Re: [PATCH 2/2] virtio-fs: add multi-queue support

Jingbo Xu <jefflexu@xxxxxxxxxxxxxxxxx> · Wed, 29 May 2024 09:52:06 +0800

On 5/28/24 10:21 PM, Peter-Jan Gootzen wrote:
> On Tue, 2024-05-28 at 21:35 +0800, Jingbo Xu wrote:
>> External email: Use caution opening links or attachments
>>
>>
>> On 5/28/24 7:59 PM, Miklos Szeredi wrote:
>>> On Tue, 28 May 2024 at 10:52, Jingbo Xu <jefflexu@xxxxxxxxxxxxxxxxx>
>>> wrote:
>>>>
>>>> Hi Peter-Jan,
>>>>
>>>> Thanks for the amazing work.
>>>>
>>>> I'd just like to know if you have any plan of making fiq and fiq-
>>>>> lock
>>>> more scalable, e.g. make fiq a per-CPU software queue?
>>>
>>> Doing a per-CPU queue is not necessarily a good idea: async requests
>>> could overload one queue while others are idle.
>>
>> It is in FUSE scenarios (instead of virtiofs). There's no 1:1 mapping
>> between CPUs and daemon threads.  All requests submitted from all CPUs
>> are enqueued in one global pending list, and all daemon threads fetch
>> request to be processed from this global pending list.
> Virtiofsd also works in this thread pool manner with a global pending
> list and many daemon threads fetching from said list.
> 
>>
>>>
>>> One idea is to allow request to go through a per-CPU fast path if
>>> the
>>> respective listener is idle.  Otherwise the request would enter the
>>> default slow queue, where idle listeners would pick requests (like
>>> they do now).
>>
>> I guess "listener" refers to one thread of fuse daemon.
>>
>>
>> When coming to virtiofs scenarios, there's 1:1 mapping between CPUs
>> and
>> hardware queues.  The requests will only be routed to the hardware
>> queue
>> to which the submitter CPU maps, and thus there's no meaning still
>> managing pending requests in one global pending list.  In this case,
>> the
>> per-CPU pending list theoretically can reduce the lock contention on
>> the
>> global pending list.
>>
>>
>> I guess we have an internal RFC on per-CPU pending list for virtiofs.
>> Let me see if this really improves the performance from test.
> I am a bit confused about the software layers we are talking about now.
> We have:
> - FUSE driver (so the kernel FUSE fs driver)
> - virtio-fs driver
> - virtiofsd as a software virtio-fs device
> - Hardware virtio-fs device implementations (e.g.

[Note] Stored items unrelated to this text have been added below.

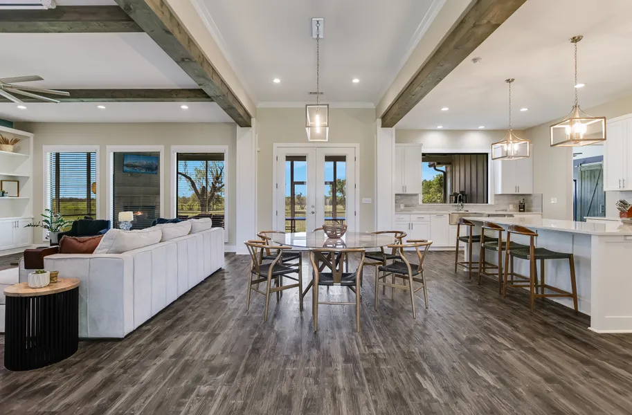 A thoughtfully designed single-story farmhouse with timeless character and modern comforts, this home balances elegant living with relaxed rural charm. Wide porches, abundant natural light, and clean architectural lines create an inviting backdrop for everything from quiet mornings with coffee to lively gatherings under big Texas skies.
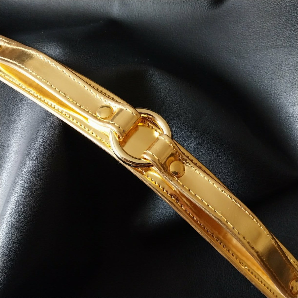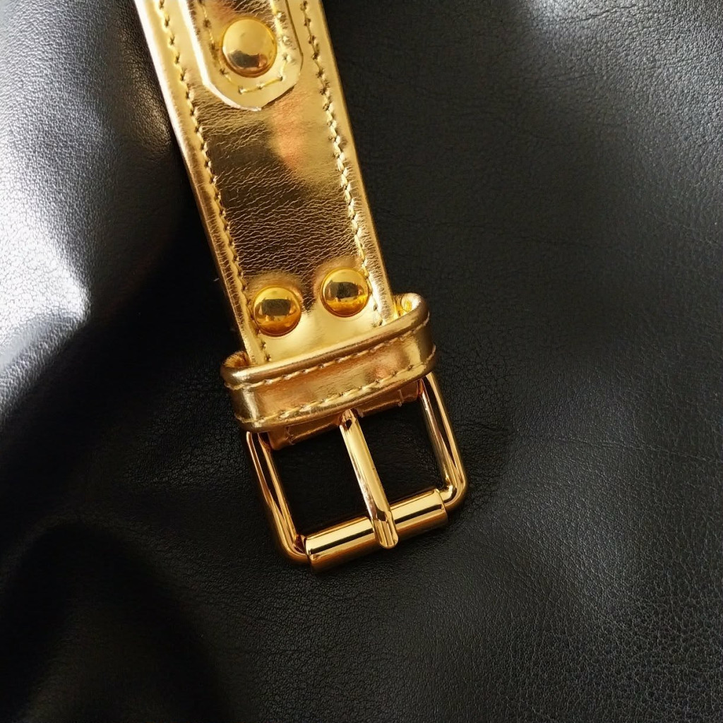 Minden szegecs, az elöl lévő karika és a hátoldali csat egységes arany színű.
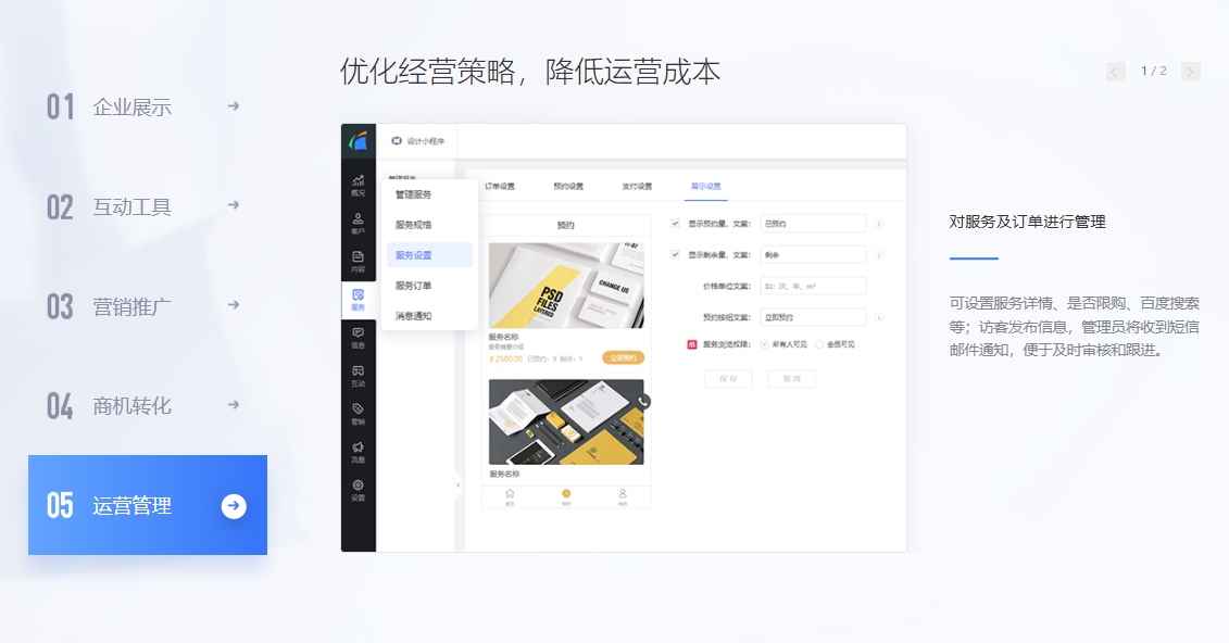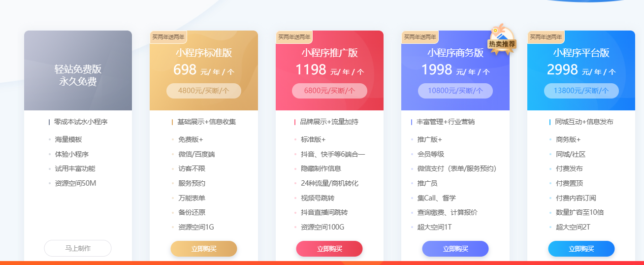 小程序標準版價格低至698元/年/個,支持微信和百度兩個終端,提供服務預約、表單等功能;小程序推廣版1198元/年/個,支持抖音、快手等6端合一,具有隱藏制作信息、視頻號跳轉(zhuǎn)、抖音直播間跳轉(zhuǎn)等功能;而小程序商務版1998元/年/個,提供1T的超大空間,具有推廣員、查詢繳費、計算報價等多種功能;小程序平臺版2998元/年/個,支持同城互動+信息發(fā)布,數(shù)量擴容至10倍,功能豐富。
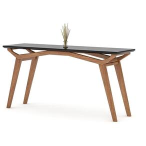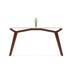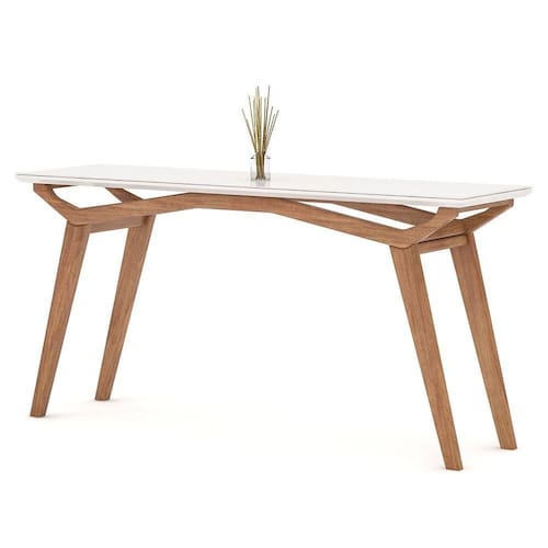 Fabricado em madeira de eucalipto com tampo em MDF laqueado e vidro pintado e colado sobre o tampo. Uma peça com desenho leve e delicado.

BlueField)
> - libfuse (connecting /dev/fuse and a FS implementation)
> - File systems that build upon: libfuse, virtiofsd or some hardware
> virtio-fs implementation
> 
> So you have a patch at hand that fixes this fiq and fiq->lock bottleneck
> in the FUSE driver, correct? In the virtio-fs driver there is no pending
> list, it just pops from the pending list of the FUSE driver.

I mean fiq->pending list (struct fuse_iqueue) when I refer to software
pending list.

__fuse_request_send
  spin_lock(&fiq->lock) <-- lock contention if multiple CPUs submit IOs
  queue_request_and_unlock
    # enqueue request to fiq->pending list
    fiq->ops->wake_pending_and_unlock(),
    i.e. virtio_fs_wake_pending_and_unlock() for virtiofs
      # fetch one request from fiq->pending list
    spin_unlock(&fiq->lock)

Both the regular /dev/fuse interface and virtiofs use "struct
fuse_iqueue" as the pending list.

-- 
Thanks,
Jingbo